10 KiB
10 KiB
Key Escrow and Recovery Runbook
This runbook documents Shamir secret sharing key escrow and recovery procedures in Stella Ops.
Sprint: SPRINT_20260112_018_CRYPTO_key_escrow_shamir
Overview
Key escrow ensures critical cryptographic keys can be recovered if primary access is lost. Stella Ops uses Shamir's Secret Sharing to split keys into shares distributed among trusted custodians.
Key features:
- M-of-N threshold recovery (any M shares reconstruct the key)
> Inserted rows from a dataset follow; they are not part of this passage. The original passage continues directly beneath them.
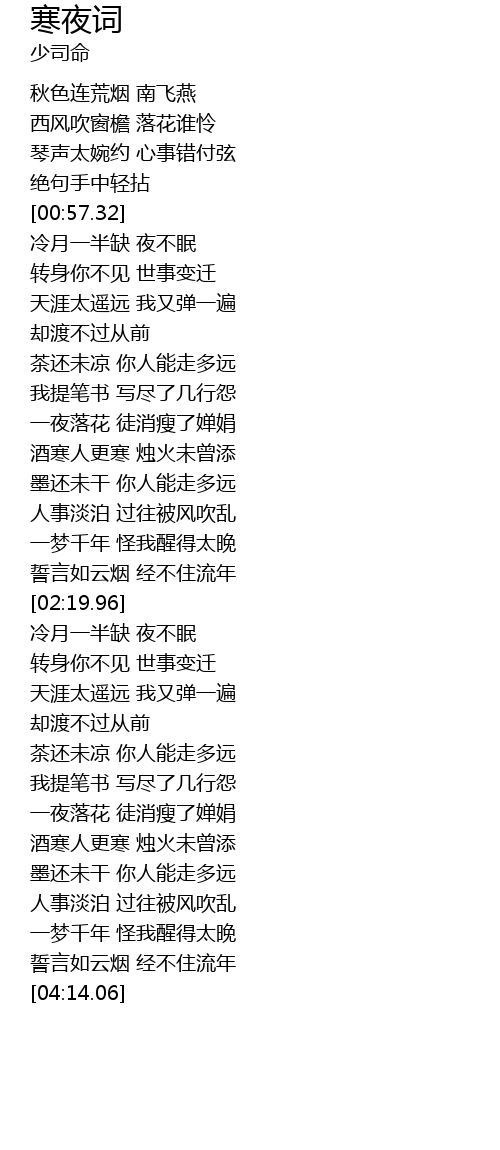 | [00:59.00] | 冷月一半缺 夜不眠 |
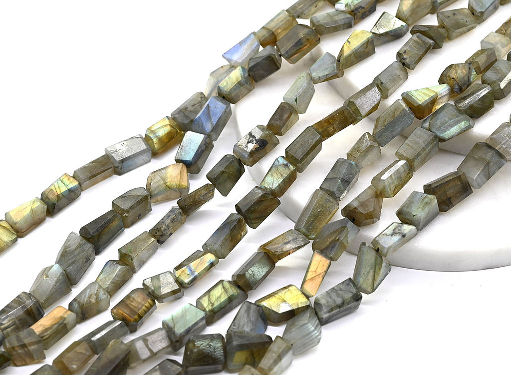 Бусины из натурального камня лабрадор в форме галтовки с огранкой.
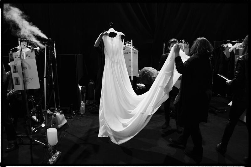 Model Marie Nasemann before the Agne Kuzmickaite, Igrida Zabere, Kaetlin Kaljuvee show on Thursday.
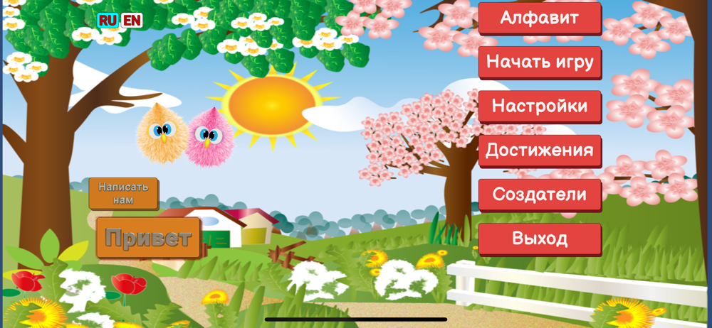 For those who do not know Russian, we have added English translation in the Alphabet and Educational Games sections (buttons and primary messages of the application have been translated).
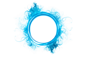 Blue circular frame with abstract smoke effect isolated on a transparent background
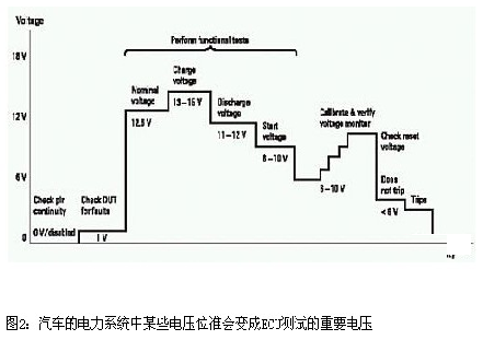 依汽車的操作狀態(tài)而定,在汽車的電力系統(tǒng)中常會碰到某些電壓位準。這些位準會變成ECU測試的重要電壓,如圖2所示。在這些重要電壓下執(zhí)行的一些相關(guān)測試包括:
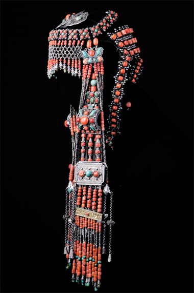 髻側流蘇飾:系于鬢角兩側,其上部銀飾造型從整體上看似飛翔狀蝴蝶,鑲嵌精美紅珊瑚珠、綠松石,造型熱情似火。蝴蝶銀飾之下垂系五條流蘇, 由紅珊瑚珠、綠松石珠及銀珠串間隔穿成五段,下墜蝴蝶型銀飾帽, 內銜桃形瑪瑙墜,流蘇在鬢角兩側隨頭的轉動而飄擺, 響聲清脆。

- Share encryption at rest
- Custodian-based share distribution
- Integration with dual-control ceremonies
- Full audit trail
When to Use Key Escrow
| Scenario | Escrow Required |
|---|---|
| Root signing keys | Yes |
| HSM master keys | Yes |
| Trust anchor keys | Yes |
| Service signing keys | Recommended |
| User signing keys | Optional |
| Ephemeral keys | No |
Shamir Secret Sharing
How It Works
Shamir's Secret Sharing splits a secret into N shares where any M shares can reconstruct the original:
Secret S → Split(S, M, N) → [Share₁, Share₂, ..., Shareₙ]
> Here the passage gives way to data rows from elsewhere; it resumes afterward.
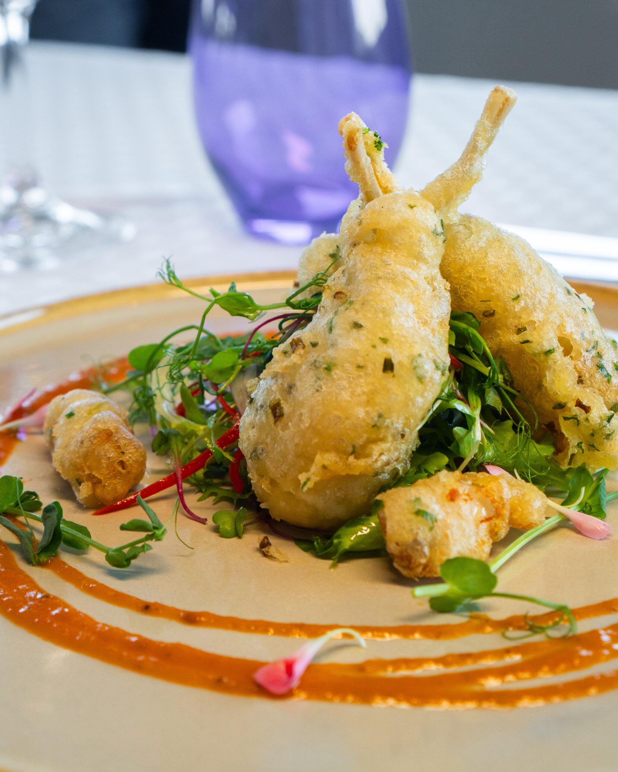 O cardápio em seis tempos combina clássicos reinventados com toques contemporâneos: coxas de rã em tempura de ervas, crudo de vieiras com caju, socarrat caiçara de frutos do mar e costela presidencial braseada lentamente, servida com aligot de batata-baroa.
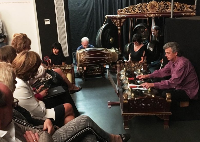 Foto unten: Bei der Eröffnung der Sonderausstellung „PuppentheaterKultur weltweit – Kulturerbe der UNESCO“ lauschten die Gäste – mit Ministerpräsidentin Malu Dreyer (im weißen Kostüm) als Ehrengast − den Klängen der Indonesischen Gamelan-Musik.
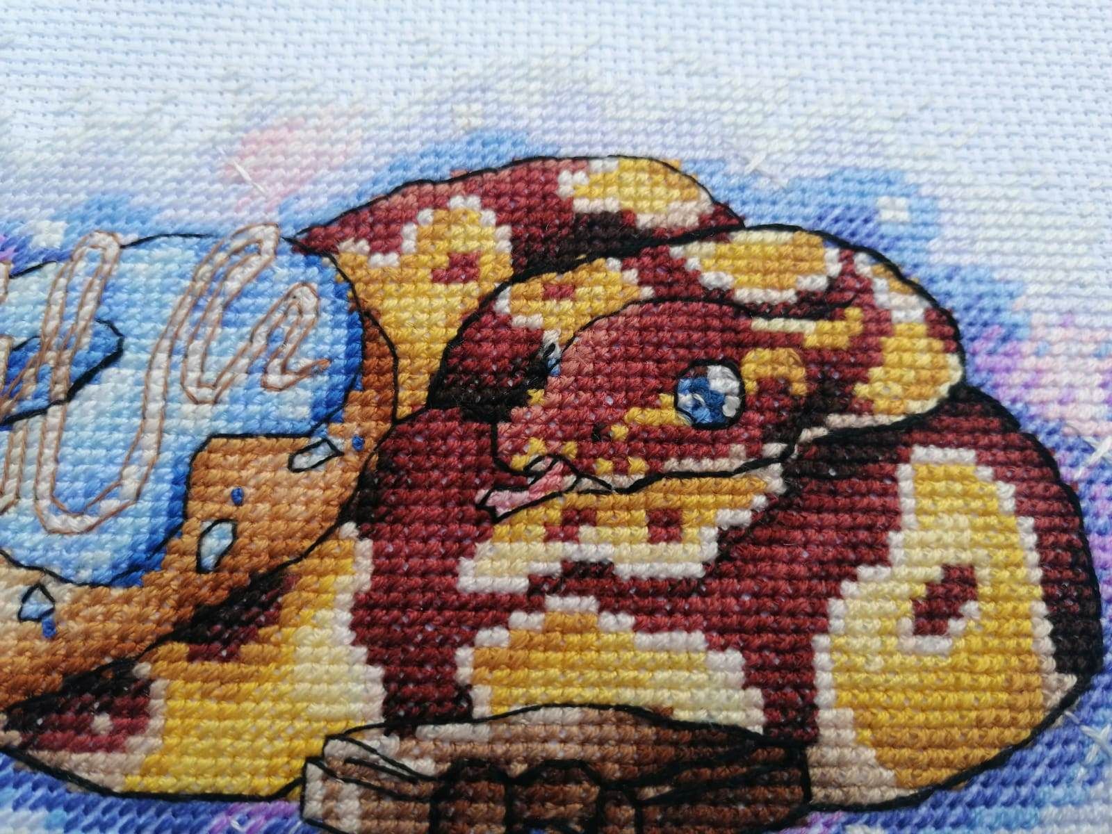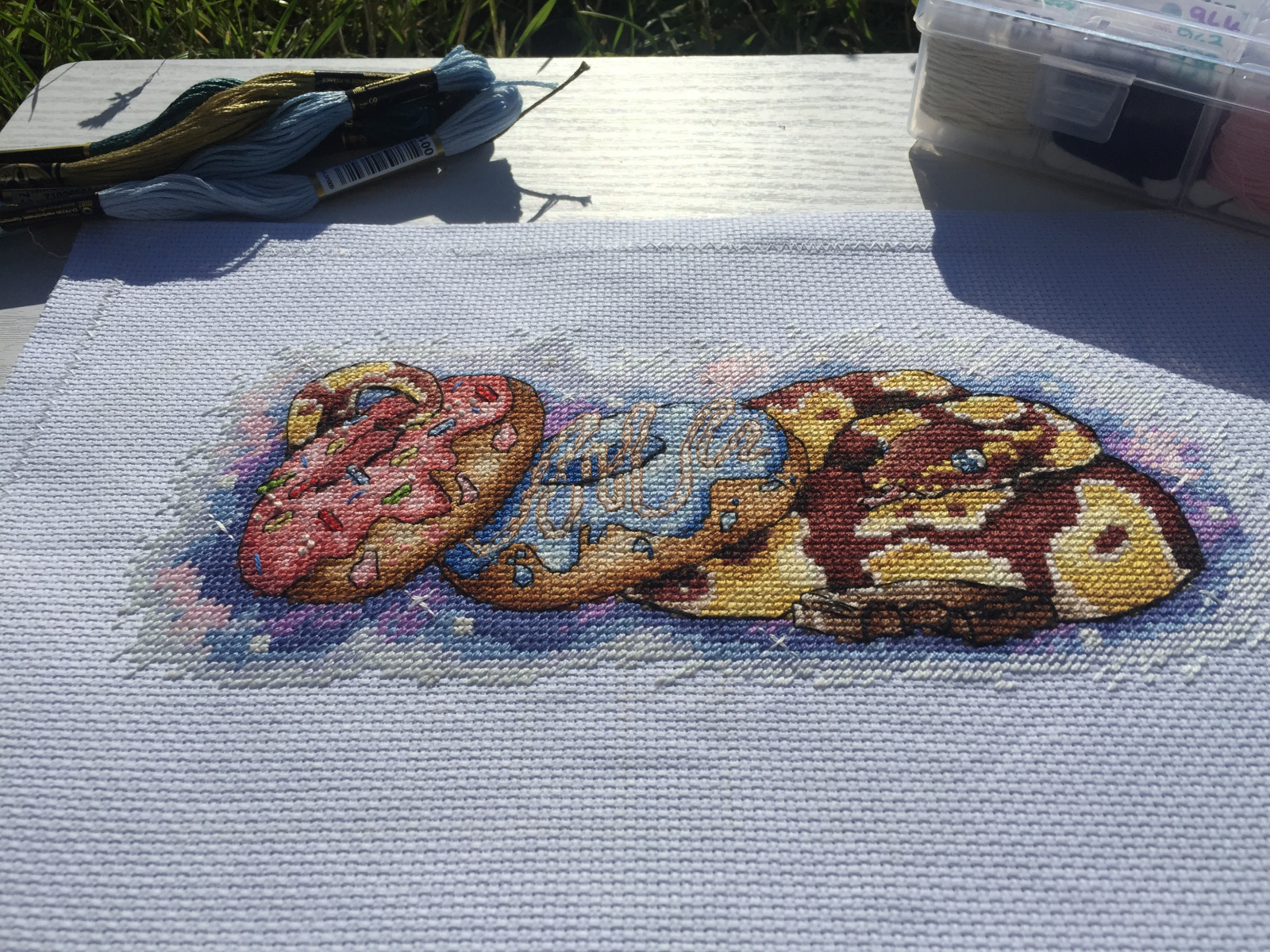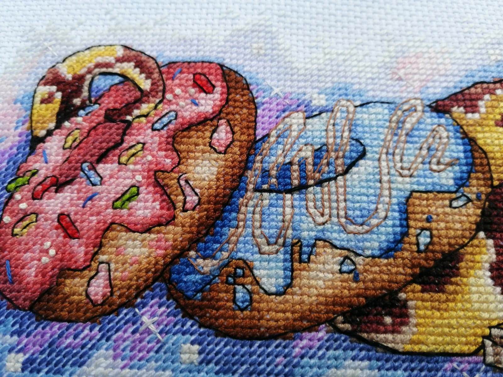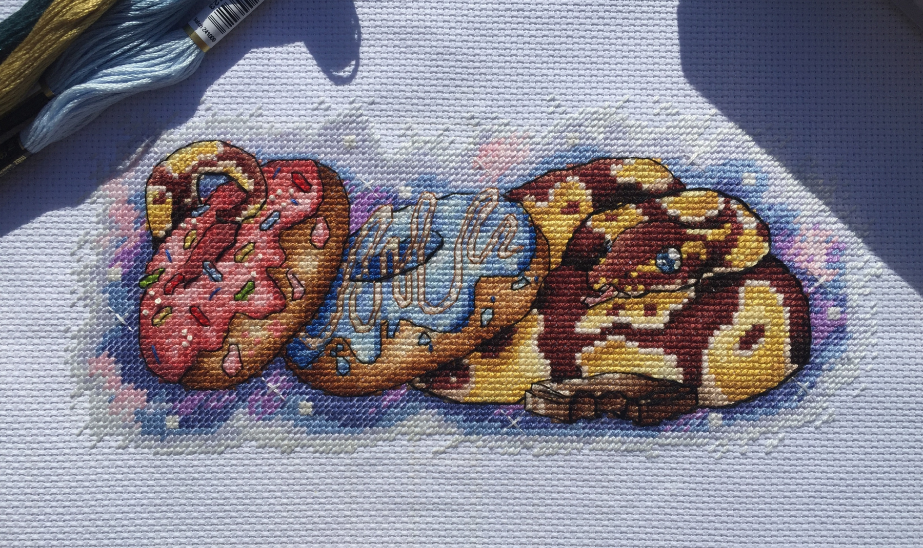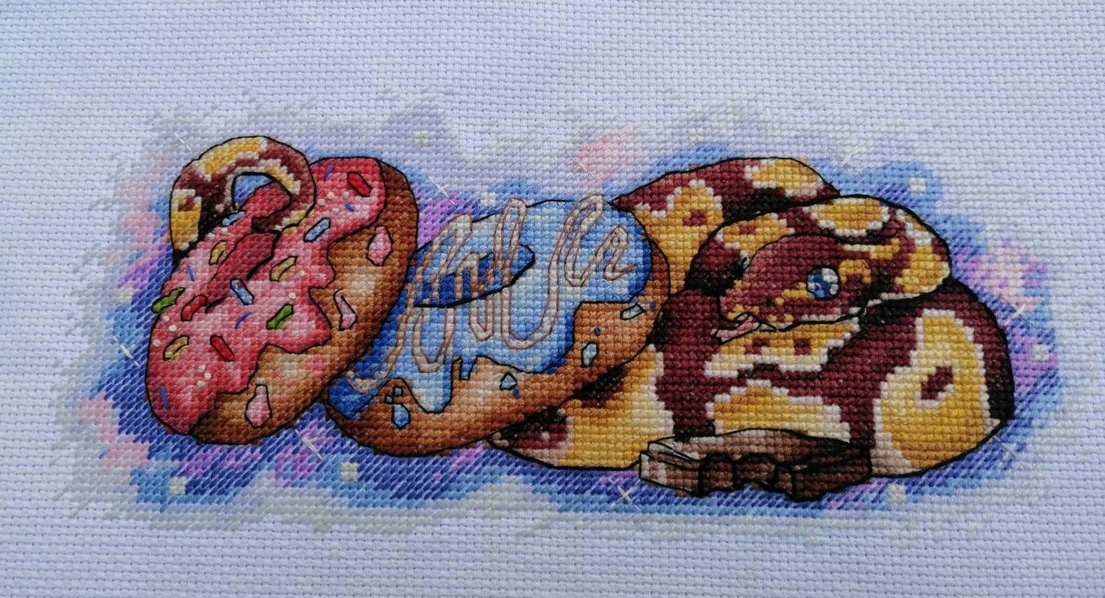 Our skilled embroiderer, Soňa Krebesová, has patiently played with stitching crosses to truly bring this pattern to life. See for yourselves! The colours, the shades and the light play just add to the lovely effect, depth and 3D imagery thus making the entire picture come alive (the yummy yummy donuts… the snake rather not ????). One doesn’t know what to feast his or her eyes on first.

Any M shares → Combine → Secret S
Fewer than M shares → Cannot reconstruct
Configuration Parameters
| Parameter | Description | Recommended |
|---|---|---|
| Threshold (M) | Minimum shares needed | 2-3 for keys |
| Total Shares (N) | Total shares created | M + 2 minimum |
| Share Encryption | Encrypt shares at rest | Always enabled |
Threshold Guidelines
| Key Type | Minimum M | Recommended N | Rationale |
|---|---|---|---|
| Root keys | 3 | 5 | High assurance |
| HSM keys | 2 | 4 | Availability + security |
| Service keys | 2 | 3 | Operational recovery |
Escrowing a Key
Via CLI
stella escrow create \
--key-id root-signing-key-2026 \
--threshold 3 \
--shares 5 \
--custodians custodian-1,custodian-2,custodian-3,custodian-4,custodian-5 \
--expires-in 365d \
--reason "Annual key escrow for root signing key"
Via API
curl -X POST https://signer.example.com/api/v1/escrow \
-H "Authorization: Bearer $TOKEN" \
-H "Content-Type: application/json" \
-d '{
"keyId": "root-signing-key-2026",
"threshold": 3,
"totalShares": 5,
"custodianIds": [
"custodian-1", "custodian-2", "custodian-3",
"custodian-4", "custodian-5"
],
"expirationDays": 365,
"reason": "Annual key escrow for root signing key"
}'
Escrow Response
{
"escrowId": "esc-abc123",
"keyId": "root-signing-key-2026",
"threshold": 3,
"totalShares": 5,
"status": "Active",
"createdAt": "2026-01-16T10:00:00Z",
"expiresAt": "2027-01-16T10:00:00Z",
"shares": [
{ "shareId": "shr-001", "custodianId": "custodian-1", "distributed": true },
{ "shareId": "shr-002", "custodianId": "custodian-2", "distributed": true },
{ "shareId": "shr-003", "custodianId": "custodian-3", "distributed": true },
{ "shareId": "shr-004", "custodianId": "custodian-4", "distributed": true },
{ "shareId": "shr-005", "custodianId": "custodian-5", "distributed": true }
]
}
Share Distribution
Distribution Methods
| Method | Security | Use Case |
|---|---|---|
| Direct API delivery | High | Automated systems |
| Encrypted email | Medium | Remote custodians |
| In-person ceremony | Highest | Root keys |
| Hardware token | Highest | HSM keys |
Custodian Requirements
Each custodian must:
- Have verified identity in Authority
- Complete escrow custodian training
- Have secure share storage capability
- Be geographically distributed (recommended)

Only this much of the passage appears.